On the Stability of Growth in Structural Plasticity

Standard deep-learning pipelines usually choose the network architecture before training and keep it fixed throughout optimization. In contrast, a model can also be adapted by editing its structure during training, for example by pruning existing hidden-neuron units or growing new ones. Although growth is appealing for adaptive and continual systems, we show that it is not simply the inverse of pruning. Pruning selects among units that have participated in training from the start, whereas growth inserts new units into an already specialized optimization trajectory. We isolate this insertion problem and show that newborn units are often forward-active but backward-starved: they participate in the forward computation, yet receive much weaker gradient signal than incumbent units. This disadvantage is minor in small MLP benchmarks, but becomes clear in harder image-classification settings with a convolutional trunk. In these settings, \textsc{Grow} can achieve high final accuracy during the structural-editing procedure, while \textsc{Prune} is stronger when performance is averaged over the training trajectory or when the final sparse network is retrained from scratch. Interventions targeting optimizer state, insertion, selection, and trainability show that improving the integration of newborn units can improve adaptive performance, but does not automatically produce better final subnetworks. In continual-learning benchmarks stressing plasticity loss, \textsc{Grow} becomes competitive mainly when new units have enough time to integrate. Together, these results suggest that \textsc{Grow} should be evaluated not only as an architecture-search operator, but as a time-sensitive optimization process whose success depends on insertion stability.
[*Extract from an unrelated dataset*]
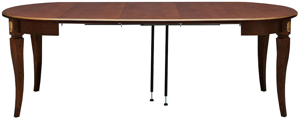 Благодаря наличию нескольких вкладышей ширину обеденного стола "Милана 14/1А" можно варьировать в зависимости от того насколько большая компания должна за ним расположиться.В сложенном виде не займёт много места.Материалом изготовления служат массив и шпон дуба.Производится в следующих вариантах крашения : черешня, черешня с золочением, черешня с серебром, слоновая кость,слоновая кость с серебром, слоновая кость с золочением, Р-43, Р-43 с патинированием,Р-43, венге, Р-46, античная бронза, табак, лесной орех.

翻译：标准深度学习流程通常在训练前选择网络架构，并在优化过程中保持不变。相比之下，模型也可以通过训练期间编辑其结构进行适配，例如剪枝现有隐藏神经元单元或增长新单元。尽管增长对于自适应和持续学习系统具有吸引力，但我们表明它并非简单的剪枝逆操作。剪枝是从一开始就参与训练的单元中进行选择，而增长则是将新单元插入已经专业化的优化轨迹中。我们分离出这种插入问题，并表明新生单元通常前向激活但反向饥饿：它们参与前向计算，但接收到的梯度信号比现有单元弱得多。这种劣势在小型多层感知器基准测试中影响较小，但在具有卷积主干结构的较难图像分类任务中变得明显。在这些任务中，\textsc{Grow} 在结构编辑过程中能实现高最终准确率，而当平均训练轨迹上的性能或最终稀疏网络从头重新训练时，\textsc{Prune} 则表现更强。针对优化器状态、插入、选择和可训练性的干预表明，改善新生单元的整合可以提升自适应性能，但并不能自动产生更好的最终子网络。在强调可塑性损失持续学习基准测试中，\textsc{Grow} 主要在新单元有足够时间整合时具有竞争力。综合这些结果表明，\textsc{Grow} 不仅应作为架构搜索算子进行评估，还应视作一个依赖于插入稳定性的时间敏感优化过程。